The key steps of the workflow are as follows: (1) Image pre-processing: Sub-sampling and Cell-Graph generation were performed at this step. Specifically, each mIHC image was firstly segmented into multiple non-overlapping regions with no more than 100 cells. For each region, we built a graph where each cell was represented as a node and the reciprocal of the Euclidean distance of each cell-cell pair was used to establish edges between them with a distance of fewer than 20 μm. Detailed information can be found in the section “Cell-Graph construction” of Methods. Then, we extracted a total of 35 features (as shown in Table 1) for each cell as the node attributes, including five optical features for each biomarker and five morphological features for each cell. Such generated cell-based graph is referred to as Cell-Graph13,20. There are ~90 Cell-Graphs constructed for each mIHC image (for each patient). Cell-Graphs originated from the same mIHC image share the same label with the corresponding patient. (2) Data split: After Cell-Graph construction, the whole dataset was partitioned into the training, validation, and test sets with the ratio of 0.64:0.16:0.20 at the patient level. In addition, we also generated the files for performing fivefold cross-validation by generating five non-overlapping training-validation subsets and evaluating the model performance on these fivefold subsets. (3) Hyperparameter optimization: We utilized the Hyperopt toolkit27 from the Ray software package28 to tune the hyperparameters of GNN models. The optimized hyperparameters were then used for the follow-up model training and performance evaluation. (4) Model performance evaluation and data visualization: To comprehensively assess the capability and reliability of our GNN model, we evaluate model performance using multi-run model training, fivefold cross-validation, and independent tests. The test results were visualized by generating the receiver-operating characteristic (ROC) curves, confusion matrix, and boxplots of Accuracy, F1-Score, and Matthews Correlation Coefficient (MCC). Performance metrics are defined in Section “Metrics of model performance evaluation” in the Supplementary material.
Performance benchmarking of different GNN models for prognosis prediction
We constructed four different types of GNN models and examined their performance in predicting the OS of gastric cancer patients, including GINTopK, GINSAG, GCNTopK, and GCNSAG. Here, GIN23, and GCN29 are two graph convolution computational units (differences can be seen in Supplementary Fig. 2), whereas TopKPooling22,30,31 and SAGPooling31,32 are two graph pooling computational units. The graph convolutional and pooling layers are the core components of the GNN architecture.
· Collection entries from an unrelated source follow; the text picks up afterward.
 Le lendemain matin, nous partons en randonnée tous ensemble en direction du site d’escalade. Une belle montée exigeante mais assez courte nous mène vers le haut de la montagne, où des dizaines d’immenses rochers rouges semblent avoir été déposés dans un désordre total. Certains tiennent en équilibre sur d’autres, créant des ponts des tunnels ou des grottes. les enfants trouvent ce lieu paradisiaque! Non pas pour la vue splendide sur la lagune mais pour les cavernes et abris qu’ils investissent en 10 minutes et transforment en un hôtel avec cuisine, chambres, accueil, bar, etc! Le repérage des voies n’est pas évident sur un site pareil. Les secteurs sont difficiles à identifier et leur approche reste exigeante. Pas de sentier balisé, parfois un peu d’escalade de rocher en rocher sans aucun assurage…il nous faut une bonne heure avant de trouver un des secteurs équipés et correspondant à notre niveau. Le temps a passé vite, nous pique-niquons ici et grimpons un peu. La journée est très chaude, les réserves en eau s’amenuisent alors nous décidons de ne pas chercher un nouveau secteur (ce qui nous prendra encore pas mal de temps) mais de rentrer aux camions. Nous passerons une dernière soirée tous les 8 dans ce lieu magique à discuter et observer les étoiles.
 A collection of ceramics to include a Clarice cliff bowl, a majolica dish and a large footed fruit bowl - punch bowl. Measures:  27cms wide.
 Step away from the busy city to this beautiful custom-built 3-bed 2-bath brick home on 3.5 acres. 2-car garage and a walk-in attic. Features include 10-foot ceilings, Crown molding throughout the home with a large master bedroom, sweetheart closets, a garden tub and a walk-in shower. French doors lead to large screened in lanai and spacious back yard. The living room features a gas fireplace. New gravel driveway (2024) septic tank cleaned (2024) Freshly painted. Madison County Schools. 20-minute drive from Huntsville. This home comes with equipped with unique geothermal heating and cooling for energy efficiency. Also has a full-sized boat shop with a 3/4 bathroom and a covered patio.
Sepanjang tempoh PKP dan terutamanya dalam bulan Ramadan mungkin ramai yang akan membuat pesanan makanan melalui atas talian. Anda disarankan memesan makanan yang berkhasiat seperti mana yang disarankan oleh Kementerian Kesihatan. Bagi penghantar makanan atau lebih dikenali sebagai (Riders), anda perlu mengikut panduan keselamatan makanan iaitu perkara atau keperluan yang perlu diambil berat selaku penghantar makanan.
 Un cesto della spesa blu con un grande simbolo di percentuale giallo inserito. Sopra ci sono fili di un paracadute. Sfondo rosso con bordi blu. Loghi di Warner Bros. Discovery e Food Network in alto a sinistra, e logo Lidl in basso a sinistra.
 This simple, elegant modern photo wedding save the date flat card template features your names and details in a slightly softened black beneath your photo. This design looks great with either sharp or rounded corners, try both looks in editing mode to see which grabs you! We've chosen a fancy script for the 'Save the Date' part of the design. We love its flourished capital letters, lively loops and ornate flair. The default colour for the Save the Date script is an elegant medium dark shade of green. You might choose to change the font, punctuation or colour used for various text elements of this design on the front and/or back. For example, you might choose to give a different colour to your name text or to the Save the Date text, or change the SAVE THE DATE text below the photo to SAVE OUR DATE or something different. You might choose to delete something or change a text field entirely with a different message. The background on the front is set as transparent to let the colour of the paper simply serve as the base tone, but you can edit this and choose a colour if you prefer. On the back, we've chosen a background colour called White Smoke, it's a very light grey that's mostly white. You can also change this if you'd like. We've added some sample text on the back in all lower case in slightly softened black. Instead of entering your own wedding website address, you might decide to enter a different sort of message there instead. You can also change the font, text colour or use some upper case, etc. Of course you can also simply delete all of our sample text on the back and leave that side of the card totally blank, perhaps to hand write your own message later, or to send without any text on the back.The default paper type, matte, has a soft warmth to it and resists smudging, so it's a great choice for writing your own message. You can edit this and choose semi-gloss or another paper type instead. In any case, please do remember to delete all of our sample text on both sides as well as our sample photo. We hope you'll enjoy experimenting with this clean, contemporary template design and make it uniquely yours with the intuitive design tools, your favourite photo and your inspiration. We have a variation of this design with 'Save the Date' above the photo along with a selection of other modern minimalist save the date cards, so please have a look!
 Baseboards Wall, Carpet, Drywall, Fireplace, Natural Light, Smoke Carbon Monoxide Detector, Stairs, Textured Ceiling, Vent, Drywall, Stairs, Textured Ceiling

Fivefold cross-validation was conducted to assess the model of each GNN model on both binary- and ternary-classification tasks. The results are averaged on ten repetitions of fivefold cross-validation for GINTopK on binary classification (as shown in Supplementary Fig. 3) to circumvent the randomness of the model during training. In this procedure, Accuracy, F1-Score, MCC, and AUROC were calculated to evaluate the performance. Figure 2a illustrates the performance results of binary classification on fivefold cross-validation. As we observe, the median values of both Accuracy and F1-score for the four GNNs ranged from 0.83 to 0.92, while the median values of MCC ranged from 0.66 to 0.84, respectively. Figure 2b shows the performance results of ternary classification on fivefold cross-validation. We can see that the ternary-class classification models achieved the median values of Accuracy ranging from 0.76 to 0.82, F1-score from 0.64 to 0.72, and MCC from 0.46 to 0.5, respectively. According to the results shown in Fig. 2a, b, GINTopK slightly outperformed the other three GNN models on both binary- and ternary classifications. Therefore, GINTopK was selected as the best-performing GNN model and employed for subsequent performance benchmarking and survival analysis.
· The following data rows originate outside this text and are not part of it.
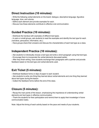 The lesson plan focuses on teaching 5th grade students about verbal elements in oral communication such as dialogue, descriptive language, figurative language, tone, and volume. It also teaches students to identify different text types (narrative, persuasive, informative) and their key characteristics. Students practice identifying text types in examples and incorporating verbal elements in their own writing. They provide feedback to peers on the use of text types and verbal elements.
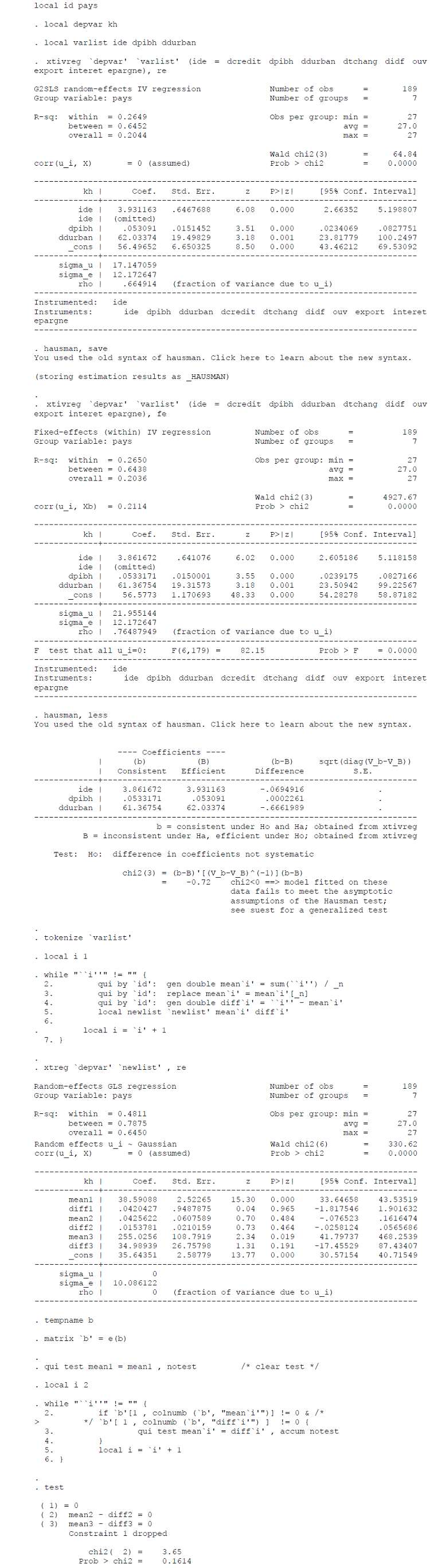 Annexes n°3 : Test de spécification de Hausman généralisé pour la variable KH admin 12 ans ago Page suivante : Annexe n°4 : Evolution comparée de la croissance économique et des entrées d’IDERetour au menu : LES INVESTISSEMENTS DIRECTS ETRANGERS DANS L’ESPACE UEMOA : DETERMINANTS ET ANALYSE D’IMPACTS
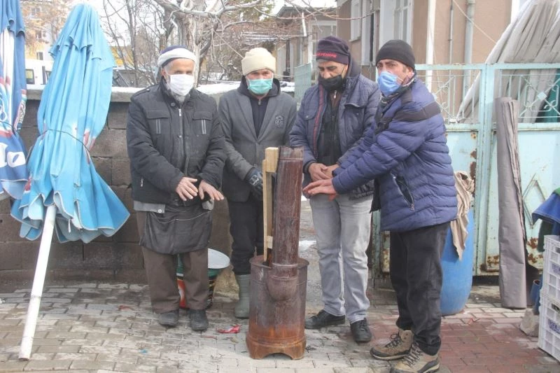 “Erzincan’da pazarcılar soğuktan korunmak için soba kurdu”
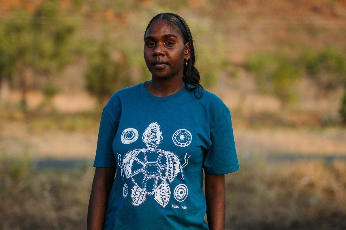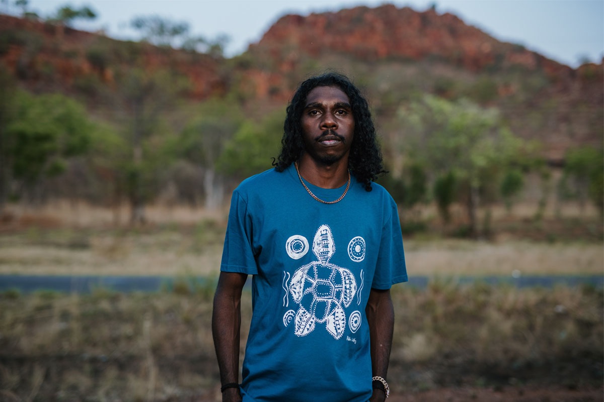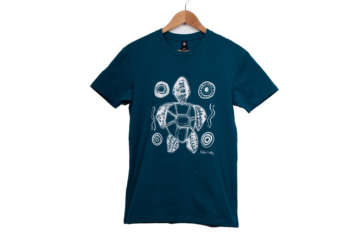 100% cotton T-shirt with reproduction of Matilda Oxtoby's artwork 'Green Turtle (Juluwarru)'.
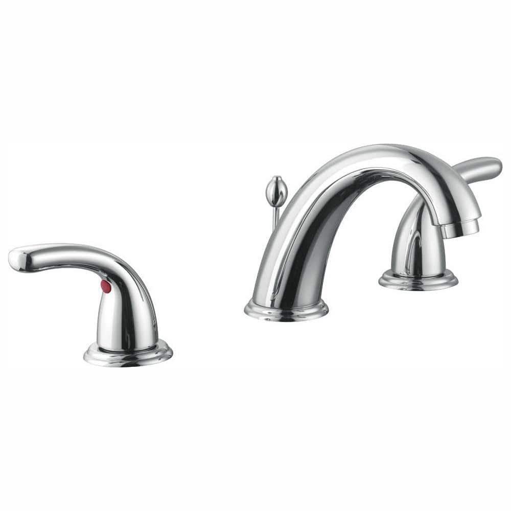 The Builders 8 in. Widespread 2-Handle High-Arc Bathroom Faucet from Glacier Bay offers an attractive curved design with smooth, soft lines. WaterSense certified, this efficient faucet features a 1.2 GPM flow rate to help reduce water use and ceramic disc cartridges to prevent drips. Easy to use with dual lever handles and a high-arc spout, it is finished in chrome and designed for easy installation. Featuring the Glacier Bay exclusive ClickInstall drain for quick and simple installation. Pair with other pieces from the Builders collection to create a stylish theme throughout your bathroom.
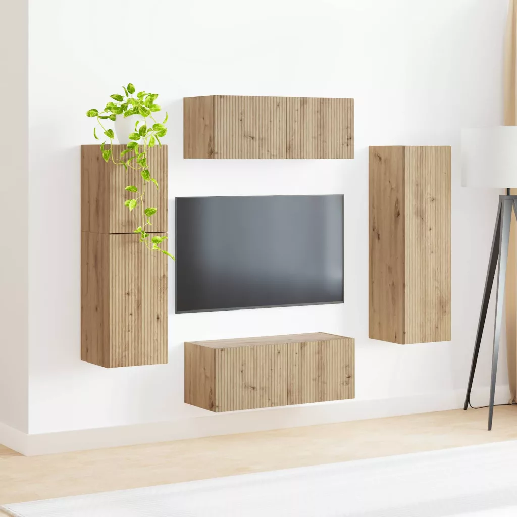 - Többféle tárolási lehetőség: A szett különböző méretű faliszekrényekből áll, például 30 x 31 x 100 cm, 78,5 x 31 x 30 cm, 30 x 31 x 60 cm és 30 x 31 x 40 cm, mind bőséges tárolóhellyel, amit a média felszerelés, könyvek vagy dekoráció egészíthet ki, ezáltal segít megőrizni a rendet.

ROC curves of GINTopK on the binary- and ternary-classification tasks are illustrated in Fig. 2c, d, respectively. The binary-class GINTopK model achieved the AUROC value of 0.96 ± 0.01 on fivefold cross-validation. In contrast, the ternary-class GINTopK classifier reached the AUROC values of 0.834 ± 0.015, 0.771 ± 0.024, and 0.904 ± 0.012 for short-term (<12 months), medium-term (>12 and <60 months), and long-term (>60 months) on fivefold cross-validation, respectively (Fig. 2d). Moreover, the performance results of the binary class GINTopK model on ten repetitions of fivefold cross-validation are displayed in Supplementary Fig. 3. We can see that the median values of both Accuracy and F1-score were within the range of 0.90-0.93 (MCC values ranged from 0.80 to 0.86), thereby suggesting the stability of our proposed GINTopK model.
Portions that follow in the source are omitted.